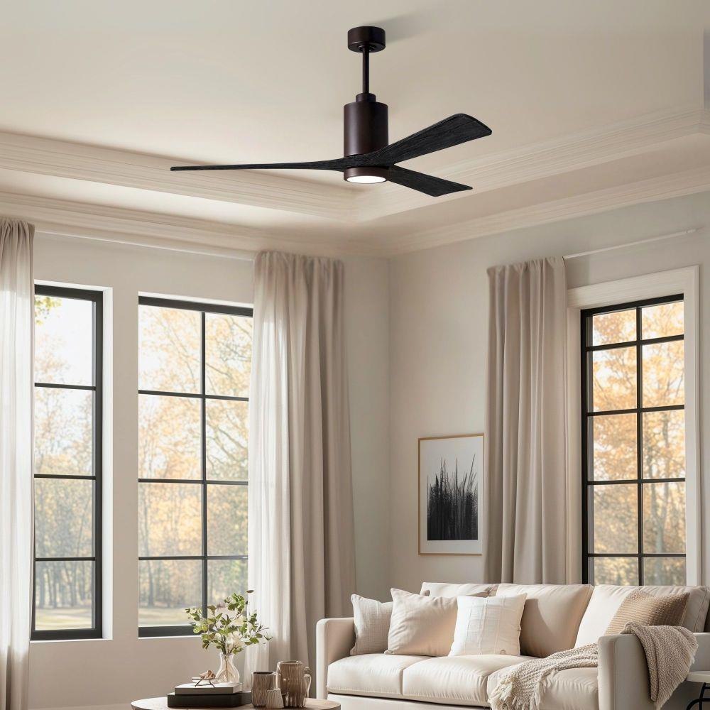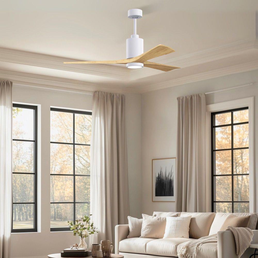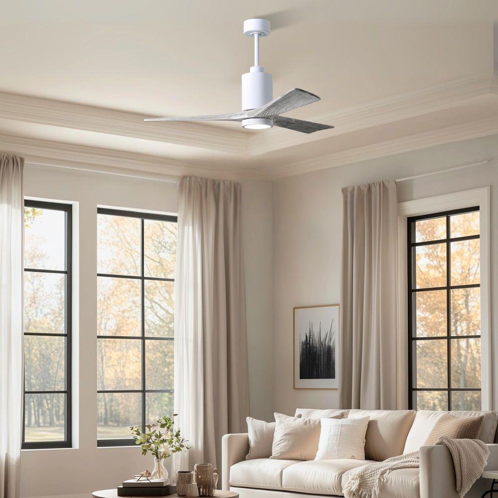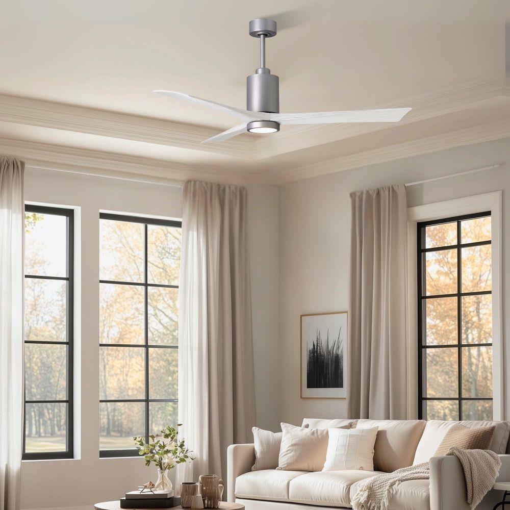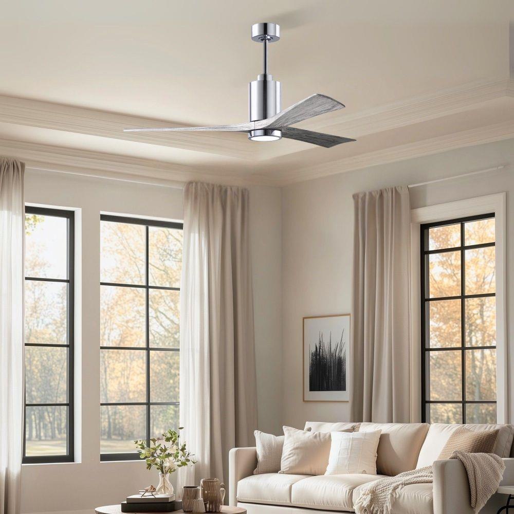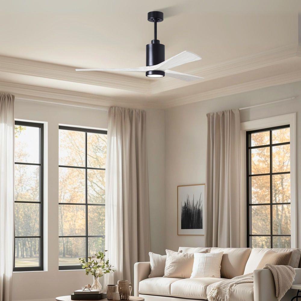 A complement to any commercial or residential space, the Patricia 3 seamlessly combines innovation with simple, refined design. Its elegant aesthetic belies its robust construction. Solid wood blades revolve around a balanced, cylindrical DC motor housing. Air is circulated efficiently with barely more than a whisper. An eco-conscious 5CCT LED color changing light kit completes the package, making Patricia 3 sophisticated, efficient and green.
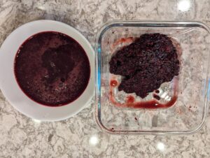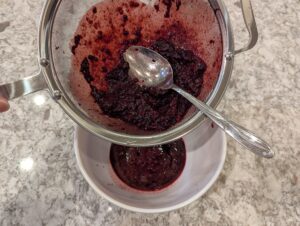 - Use strainer and rubber spatula or metal spoon to separate berry juice from pulp. Set pulp aside.
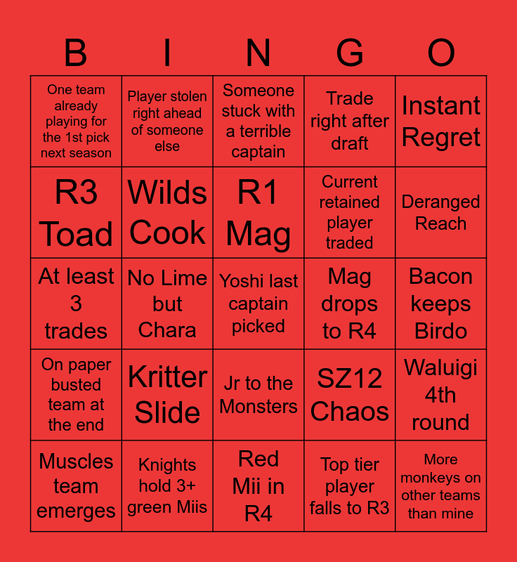 This bingo card has 25 words: Kritter Slide, Red Mii in R4, R1 Mag, Muscles team emerges, Instant Regret, One team already playing for the 1st pick next season, R3 Toad, Player stolen right ahead of someone else, Mag drops to R4, Jr to the Monsters, Current retained player traded, At least 3 trades, SZ12 Chaos, Waluigi 4th round, Wilds Cook, More monkeys on other teams than mine, Bacon keeps Birdo, Someone stuck with a terrible captain, Deranged Reach, No Lime but Chara, Yoshi last captain picked, Knights hold 3+ green Miis, On paper busted team at the end, Trade right after draft and Top tier player falls to R3.
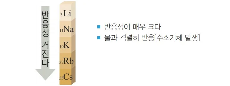 그런데 리튬(Li), 나트륨(Na), 칼륨(K), 루비듐(Rb), 세슘(Cs)등의 금속 원소들은 물과 만나게 되면 최외각 전자가 떨어져 나가는 반응이 격렬하고도 빠른 속도로 일어나게 된다. 이 과정에서 수소 기체가 생성되고 반응 시 방출된 열로 인해 수소 기체의 폭발이 발생하는 것이다. 2018년 4월에 내가 보였던 금속 나트륨과 물 사이의 반응이 바로 그것이다. 그리고 물이 이 금속 원소들과 반응하게 되면 염기성을 띠게 되고 페놀프탈레인 지시약과 만나서 붉게 변하는 성질을 보이게 된다. 그래서 리튬(Li), 나트륨(Na), 칼륨(K), 루비듐(Rb), 세슘(Cs)등의 물질을 알칼리 금속(Alkai metal)이라 한다. 알칼리 금속이 물과 반응하는 정도는 원자번호 큰 순서에 따라 세슘(Cs), 루비듐(Rb), 칼륨(K), 나트륨(Na), 리튬(Li) 순으로 증가한다. 만약 그날 실험에서 나트륨을 리튬으로 대체했다면 그 난리는 나지 않았을지도 모른다.
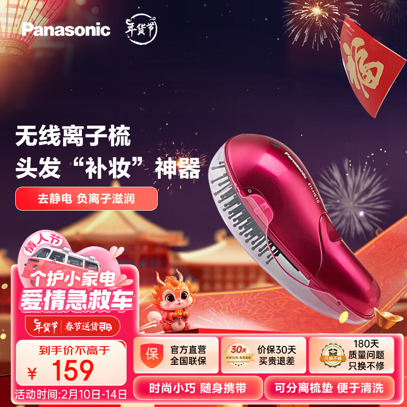 松下(Panasonic)无线离子梳 负离子美发梳迷你两用按摩蓬松梳外出护发器电梳子 新年礼物EH-HE10红色价格:159.00元!
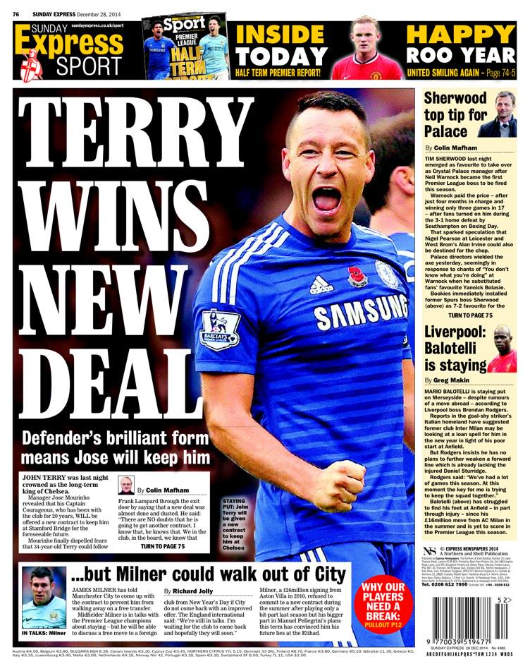 Στην Τσέλσι θα κλείσει την καριέρα του ο Τζον Τέρι, καθώς ο 34χρονος αμυντικός αναμένεται να υπογράψει νέο συμβόλαιο με τους «μπλε» του Λονδίνου, σύμφωνα με δημοσιεύματα του βρετανικού Τύπου. Το νέο συμβόλαιο θα ανταμείψει τον εμβληματικό αρχηγό με 175 χιλιάδες λίρες την εβδομάδα.
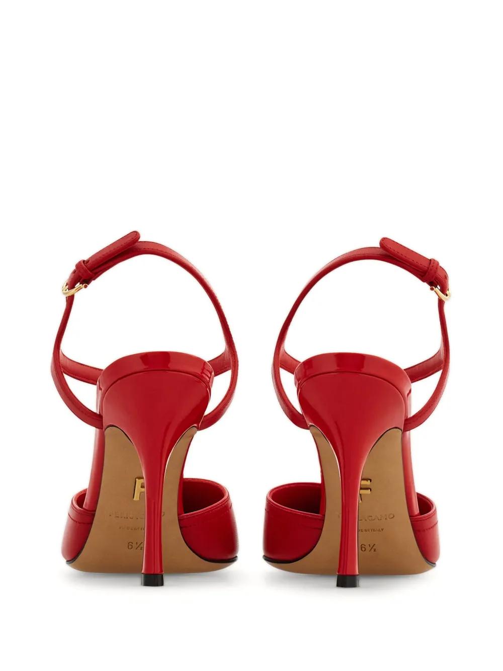 red buckle-fastening ankle strap stiletto heel pointed toe leather sole
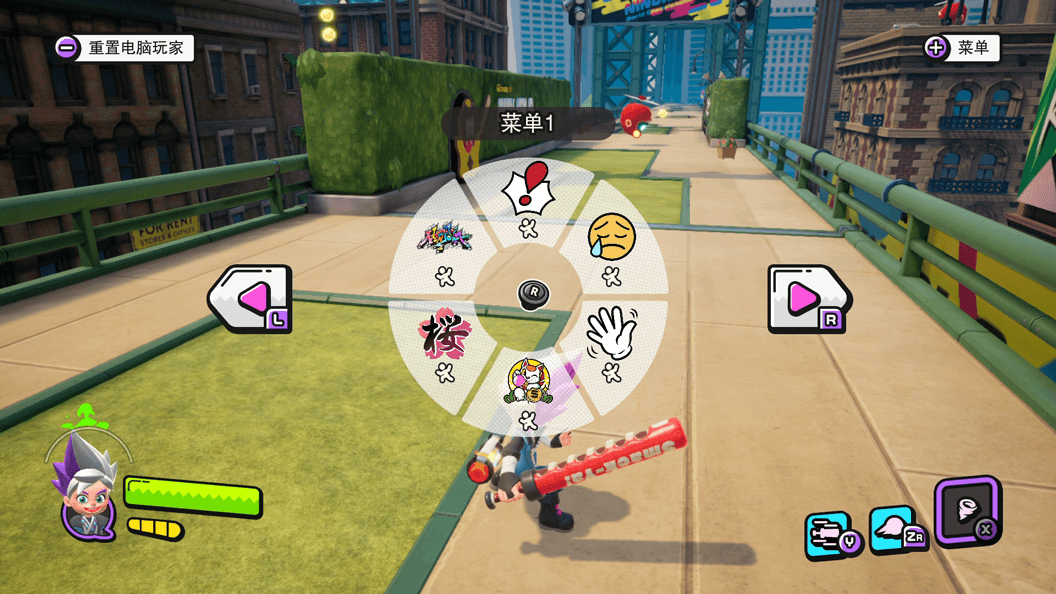 L摇杆上(或中间)的蓄力攻击为拥有口香糖爆裂性能的飞行道具攻击,
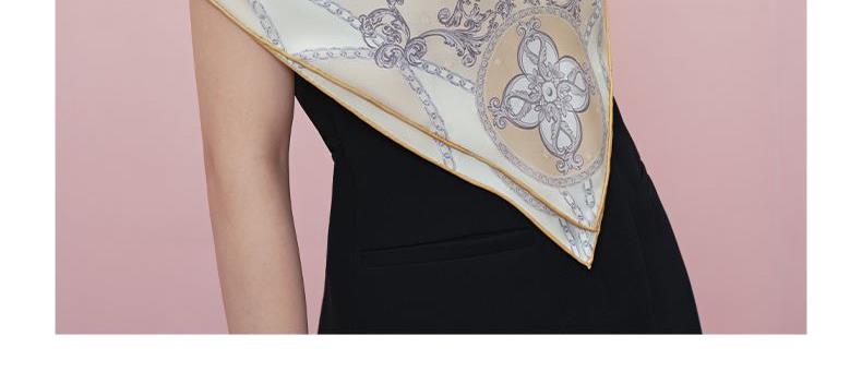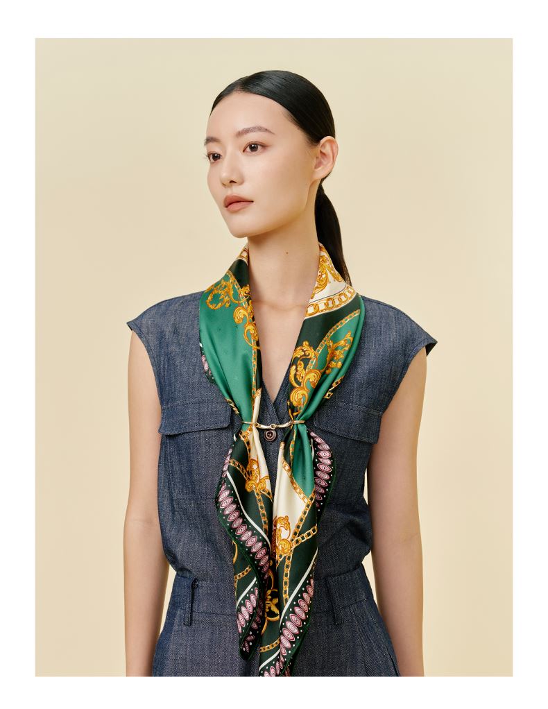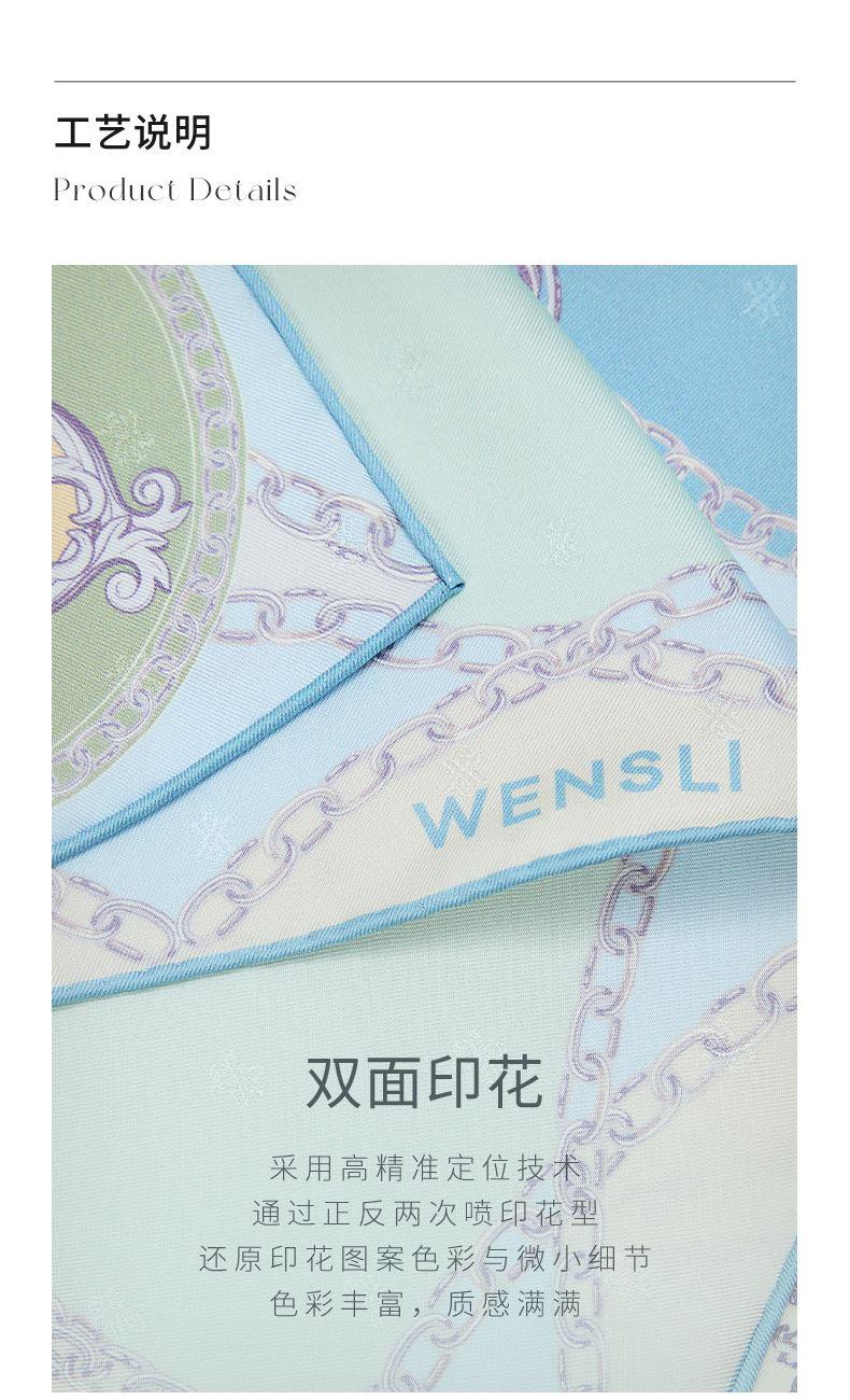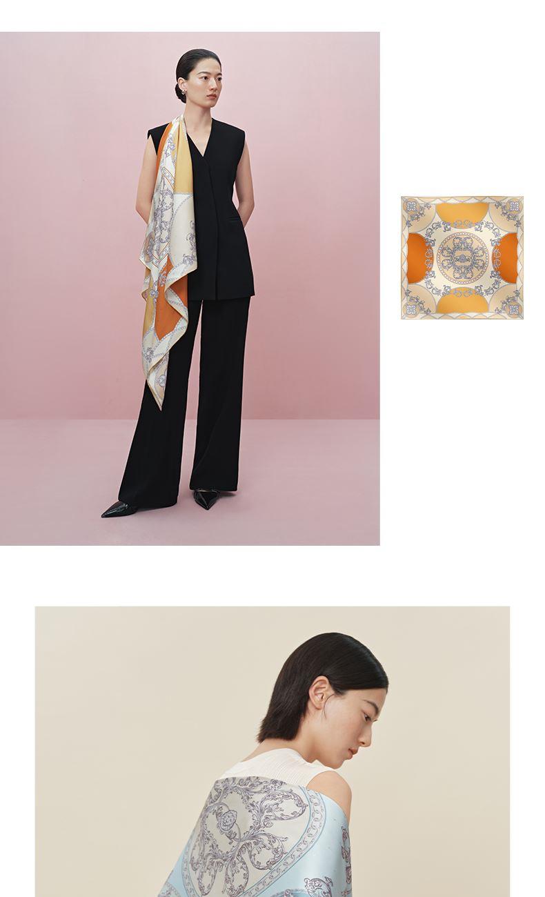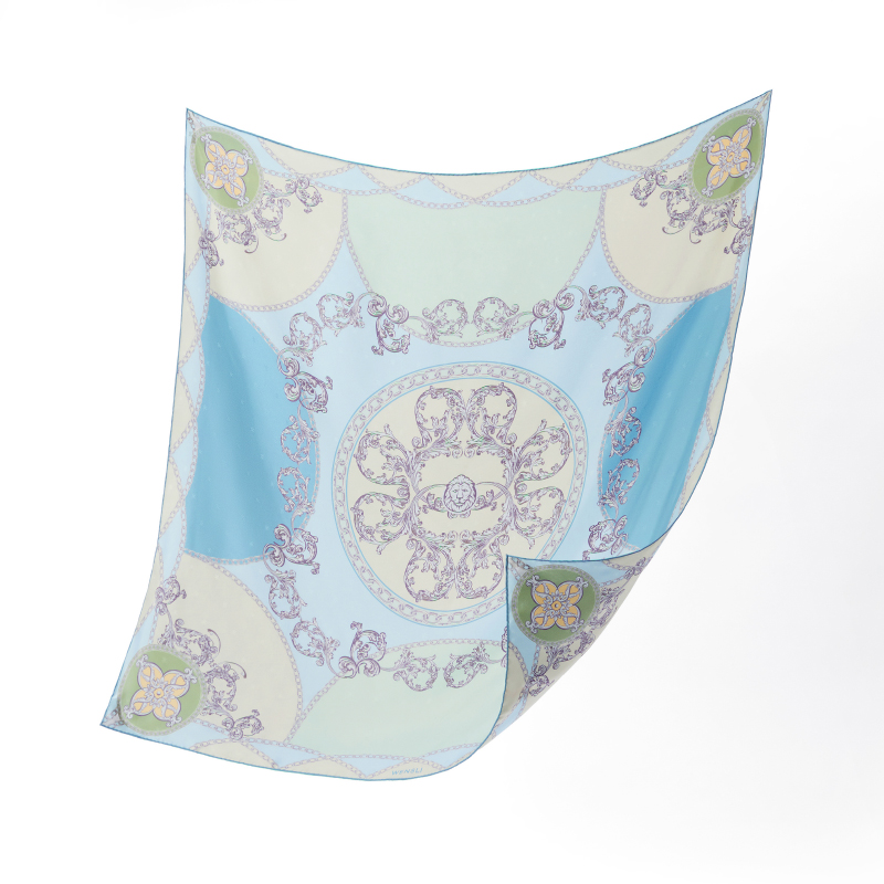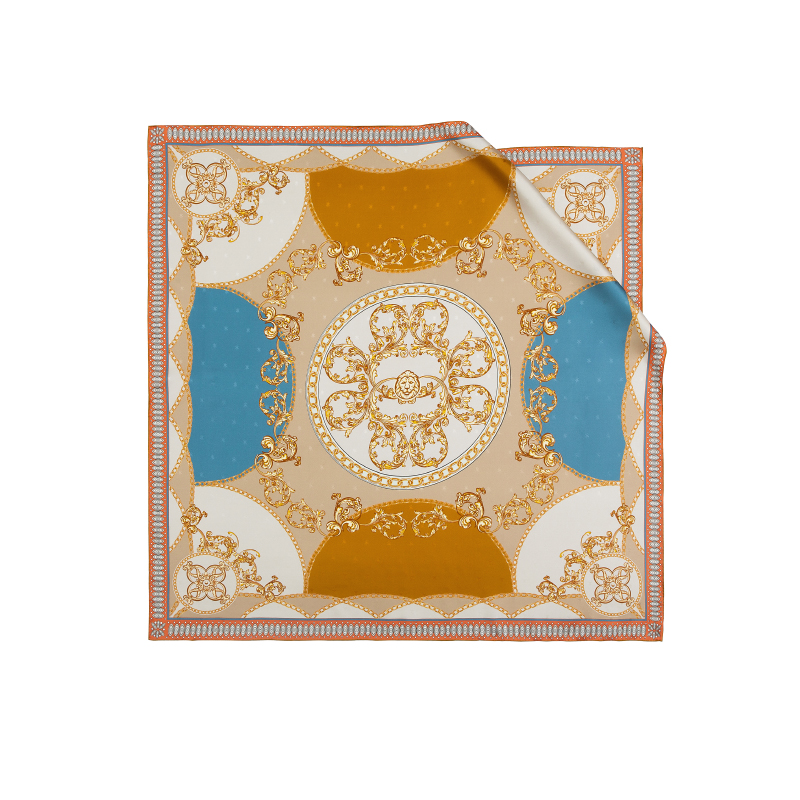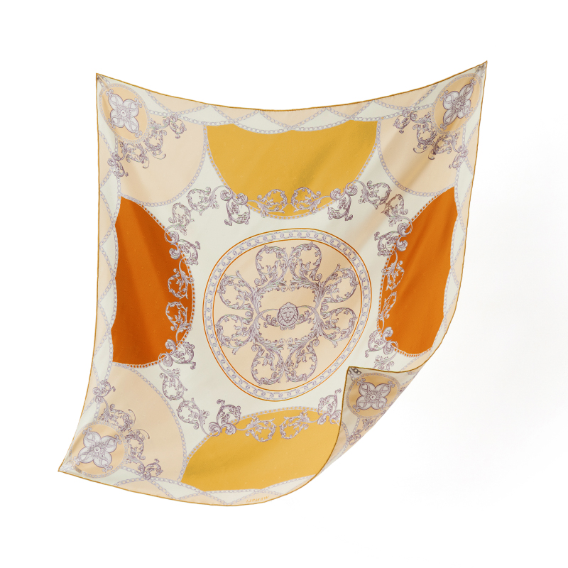 尺寸:88CM×88CM 材质:100桑蚕丝 面料:LOGO提花斜纹绸 卷边:手卷 颜色:米色/蓝色/墨绿/咖色/绿咖 工艺:双面同色

━━━━━━━━━━━━━━━━

- [Task details] Output the full material exactly as given, without its pictures.

- [Response area]
 A complement to any commercial or residential space, the Patricia 3 seamlessly combines innovation with simple, refined design. Its elegant aesthetic belies its robust construction. Solid wood blades revolve around a balanced, cylindrical DC motor housing. Air is circulated efficiently with barely more than a whisper. An eco-conscious 5CCT LED color changing light kit completes the package, making Patricia 3 sophisticated, efficient and green.
 - Use strainer and rubber spatula or metal spoon to separate berry juice from pulp. Set pulp aside.
 This bingo card has 25 words: Kritter Slide, Red Mii in R4, R1 Mag, Muscles team emerges, Instant Regret, One team already playing for the 1st pick next season, R3 Toad, Player stolen right ahead of someone else, Mag drops to R4, Jr to the Monsters, Current retained player traded, At least 3 trades, SZ12 Chaos, Waluigi 4th round, Wilds Cook, More monkeys on other teams than mine, Bacon keeps Birdo, Someone stuck with a terrible captain, Deranged Reach, No Lime but Chara, Yoshi last captain picked, Knights hold 3+ green Miis, On paper busted team at the end, Trade right after draft and Top tier player falls to R3.
 그런데 리튬(Li), 나트륨(Na), 칼륨(K), 루비듐(Rb), 세슘(Cs)등의 금속 원소들은 물과 만나게 되면 최외각 전자가 떨어져 나가는 반응이 격렬하고도 빠른 속도로 일어나게 된다. 이 과정에서 수소 기체가 생성되고 반응 시 방출된 열로 인해 수소 기체의 폭발이 발생하는 것이다. 2018년 4월에 내가 보였던 금속 나트륨과 물 사이의 반응이 바로 그것이다. 그리고 물이 이 금속 원소들과 반응하게 되면 염기성을 띠게 되고 페놀프탈레인 지시약과 만나서 붉게 변하는 성질을 보이게 된다. 그래서 리튬(Li), 나트륨(Na), 칼륨(K), 루비듐(Rb), 세슘(Cs)등의 물질을 알칼리 금속(Alkai metal)이라 한다. 알칼리 금속이 물과 반응하는 정도는 원자번호 큰 순서에 따라 세슘(Cs), 루비듐(Rb), 칼륨(K), 나트륨(Na), 리튬(Li) 순으로 증가한다. 만약 그날 실험에서 나트륨을 리튬으로 대체했다면 그 난리는 나지 않았을지도 모른다.
 松下(Panasonic)无线离子梳 负离子美发梳迷你两用按摩蓬松梳外出护发器电梳子 新年礼物EH-HE10红色价格:159.00元!
 Στην Τσέλσι θα κλείσει την καριέρα του ο Τζον Τέρι, καθώς ο 34χρονος αμυντικός αναμένεται να υπογράψει νέο συμβόλαιο με τους «μπλε» του Λονδίνου, σύμφωνα με δημοσιεύματα του βρετανικού Τύπου. Το νέο συμβόλαιο θα ανταμείψει τον εμβληματικό αρχηγό με 175 χιλιάδες λίρες την εβδομάδα.
 red buckle-fastening ankle strap stiletto heel pointed toe leather sole
 L摇杆上(或中间)的蓄力攻击为拥有口香糖爆裂性能的飞行道具攻击,
 尺寸:88CM×88CM 材质:100桑蚕丝 面料:LOGO提花斜纹绸 卷边:手卷 颜色:米色/蓝色/墨绿/咖色/绿咖 工艺:双面同色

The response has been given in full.